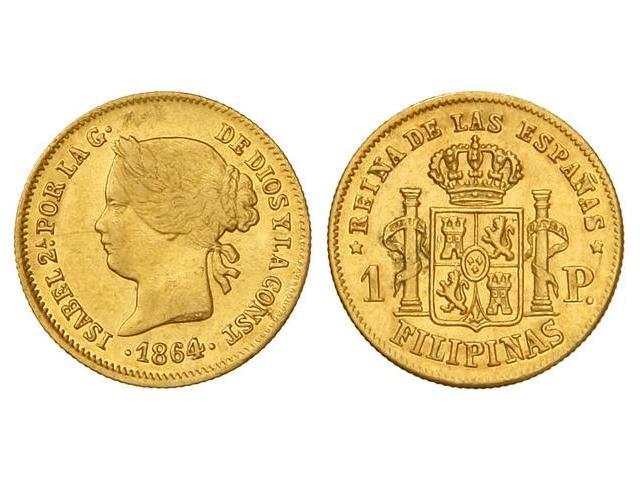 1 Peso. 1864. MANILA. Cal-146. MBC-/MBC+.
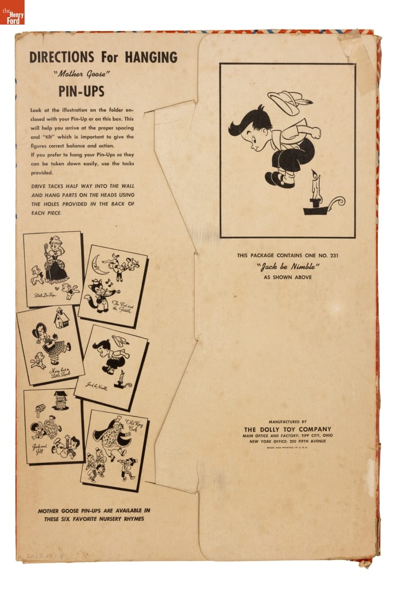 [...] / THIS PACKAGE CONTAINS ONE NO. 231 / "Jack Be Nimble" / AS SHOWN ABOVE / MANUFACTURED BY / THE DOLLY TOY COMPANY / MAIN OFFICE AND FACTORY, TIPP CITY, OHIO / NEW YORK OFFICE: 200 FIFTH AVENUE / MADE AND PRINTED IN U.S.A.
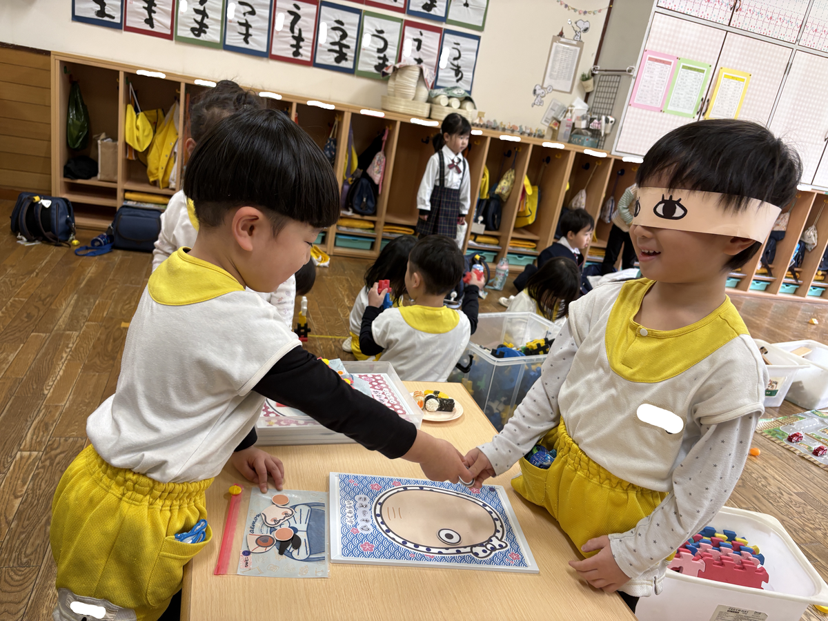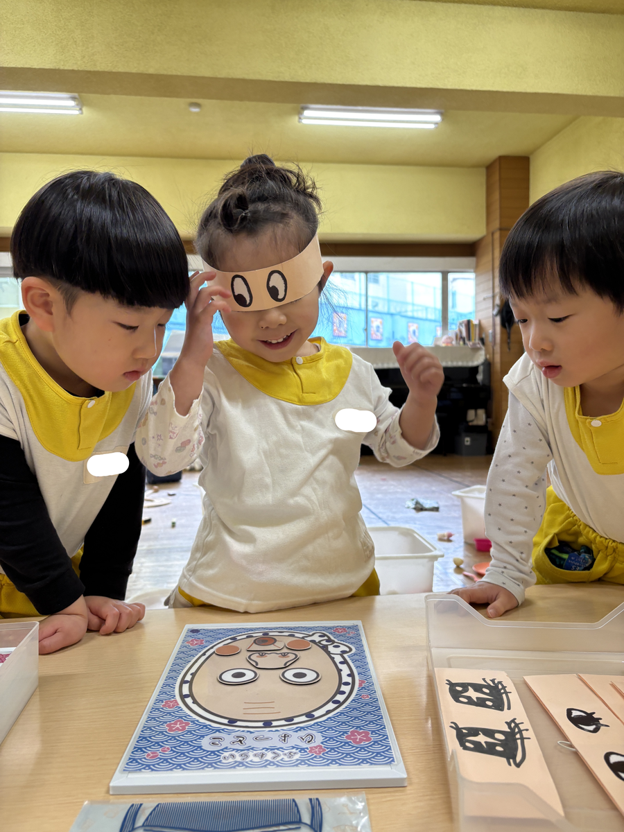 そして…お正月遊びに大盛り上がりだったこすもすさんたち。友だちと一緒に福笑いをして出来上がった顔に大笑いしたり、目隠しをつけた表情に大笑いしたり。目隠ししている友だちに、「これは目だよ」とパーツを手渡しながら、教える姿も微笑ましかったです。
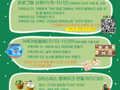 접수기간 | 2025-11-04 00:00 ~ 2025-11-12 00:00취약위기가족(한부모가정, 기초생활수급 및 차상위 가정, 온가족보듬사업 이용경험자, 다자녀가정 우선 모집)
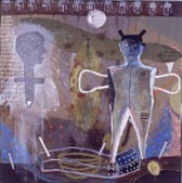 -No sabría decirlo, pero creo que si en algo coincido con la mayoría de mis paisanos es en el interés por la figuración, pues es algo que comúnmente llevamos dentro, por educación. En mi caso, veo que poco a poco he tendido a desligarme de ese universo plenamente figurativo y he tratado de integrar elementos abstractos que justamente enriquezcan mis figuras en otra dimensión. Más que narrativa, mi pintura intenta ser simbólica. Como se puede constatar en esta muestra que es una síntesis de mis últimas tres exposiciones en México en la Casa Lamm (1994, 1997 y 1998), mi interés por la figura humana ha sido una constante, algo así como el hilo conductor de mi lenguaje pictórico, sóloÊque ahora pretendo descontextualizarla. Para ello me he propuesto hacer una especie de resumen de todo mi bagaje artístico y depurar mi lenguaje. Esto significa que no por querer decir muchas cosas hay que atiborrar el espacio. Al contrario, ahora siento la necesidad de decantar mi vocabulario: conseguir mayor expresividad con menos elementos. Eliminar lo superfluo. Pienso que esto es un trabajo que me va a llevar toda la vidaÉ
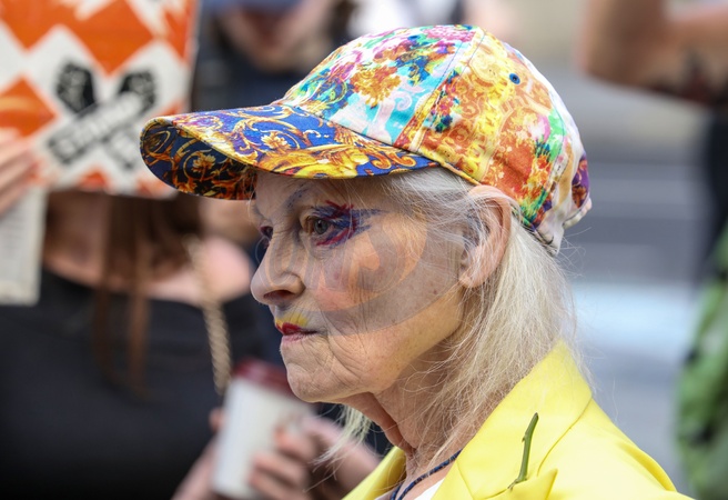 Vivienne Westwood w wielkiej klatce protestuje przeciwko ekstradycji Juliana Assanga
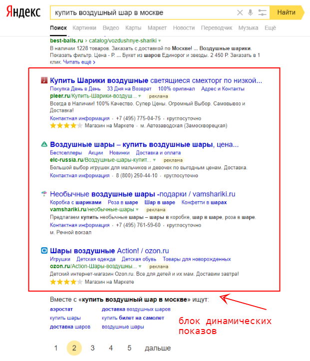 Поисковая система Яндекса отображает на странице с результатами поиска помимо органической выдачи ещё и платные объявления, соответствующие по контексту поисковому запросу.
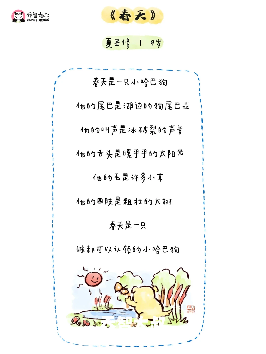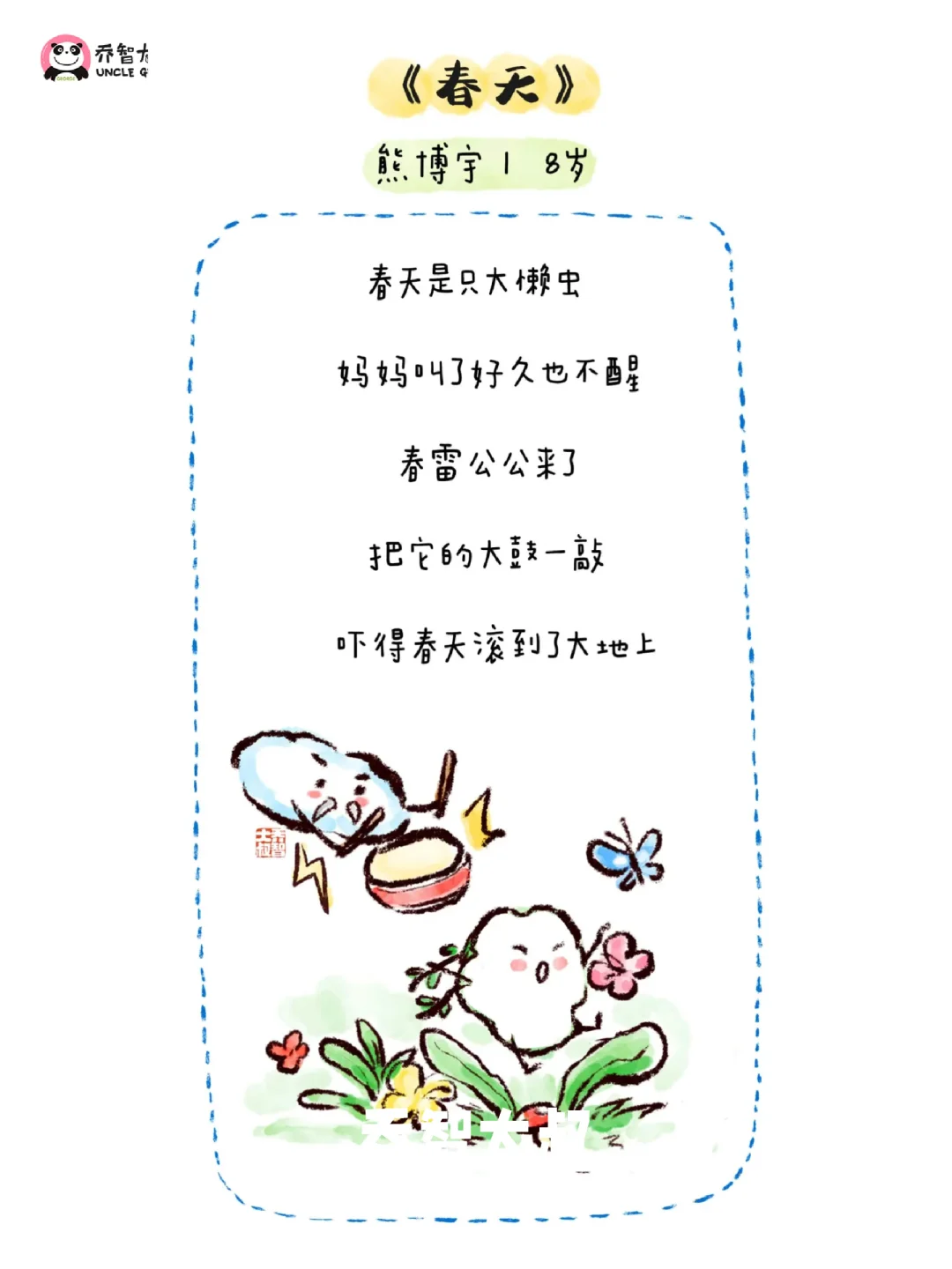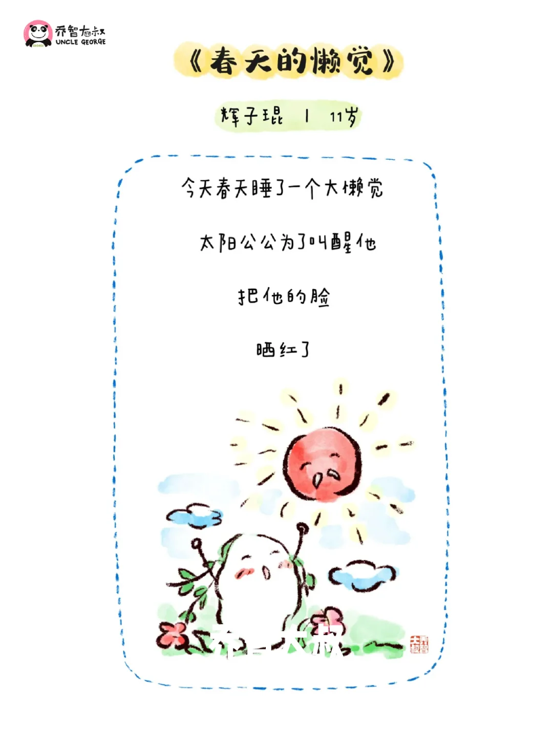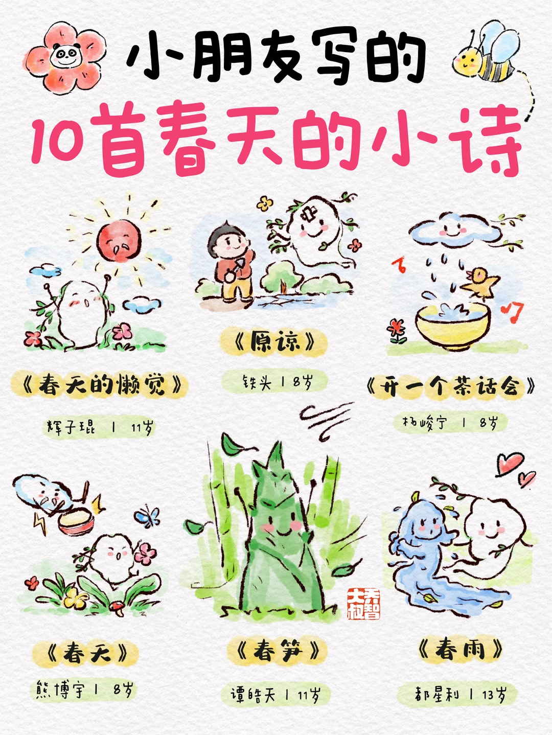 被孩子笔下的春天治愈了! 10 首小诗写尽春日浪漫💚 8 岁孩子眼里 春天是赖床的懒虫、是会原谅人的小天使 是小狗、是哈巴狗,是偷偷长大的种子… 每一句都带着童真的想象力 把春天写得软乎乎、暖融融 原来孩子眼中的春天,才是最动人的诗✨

» Exercise aim
The response should be the full material, repeated exactly, with images removed.

» Solution to this problem
 1 Peso. 1864. MANILA. Cal-146. MBC-/MBC+.
 [...] / THIS PACKAGE CONTAINS ONE NO. 231 / "Jack Be Nimble" / AS SHOWN ABOVE / MANUFACTURED BY / THE DOLLY TOY COMPANY / MAIN OFFICE AND FACTORY, TIPP CITY, OHIO / NEW YORK OFFICE: 200 FIFTH AVENUE / MADE AND PRINTED IN U.S.A.
 そして…お正月遊びに大盛り上がりだったこすもすさんたち。友だちと一緒に福笑いをして出来上がった顔に大笑いしたり、目隠しをつけた表情に大笑いしたり。目隠ししている友だちに、「これは目だよ」とパーツを手渡しながら、教える姿も微笑ましかったです。
 접수기간 | 2025-11-04 00:00 ~ 2025-11-12 00:00취약위기가족(한부모가정, 기초생활수급 및 차상위 가정, 온가족보듬사업 이용경험자, 다자녀가정 우선 모집)
 -No sabría decirlo, pero creo que si en algo coincido con la mayoría de mis paisanos es en el interés por la figuración, pues es algo que comúnmente llevamos dentro, por educación. En mi caso, veo que poco a poco he tendido a desligarme de ese universo plenamente figurativo y he tratado de integrar elementos abstractos que justamente enriquezcan mis figuras en otra dimensión. Más que narrativa, mi pintura intenta ser simbólica. Como se puede constatar en esta muestra que es una síntesis de mis últimas tres exposiciones en México en la Casa Lamm (1994, 1997 y 1998), mi interés por la figura humana ha sido una constante, algo así como el hilo conductor de mi lenguaje pictórico, sóloÊque ahora pretendo descontextualizarla. Para ello me he propuesto hacer una especie de resumen de todo mi bagaje artístico y depurar mi lenguaje. Esto significa que no por querer decir muchas cosas hay que atiborrar el espacio. Al contrario, ahora siento la necesidad de decantar mi vocabulario: conseguir mayor expresividad con menos elementos. Eliminar lo superfluo. Pienso que esto es un trabajo que me va a llevar toda la vidaÉ
 Vivienne Westwood w wielkiej klatce protestuje przeciwko ekstradycji Juliana Assanga
 Поисковая система Яндекса отображает на странице с результатами поиска помимо органической выдачи ещё и платные объявления, соответствующие по контексту поисковому запросу.
 被孩子笔下的春天治愈了! 10 首小诗写尽春日浪漫💚 8 岁孩子眼里 春天是赖床的懒虫、是会原谅人的小天使 是小狗、是哈巴狗,是偷偷长大的种子… 每一句都带着童真的想象力 把春天写得软乎乎、暖融融 原来孩子眼中的春天,才是最动人的诗✨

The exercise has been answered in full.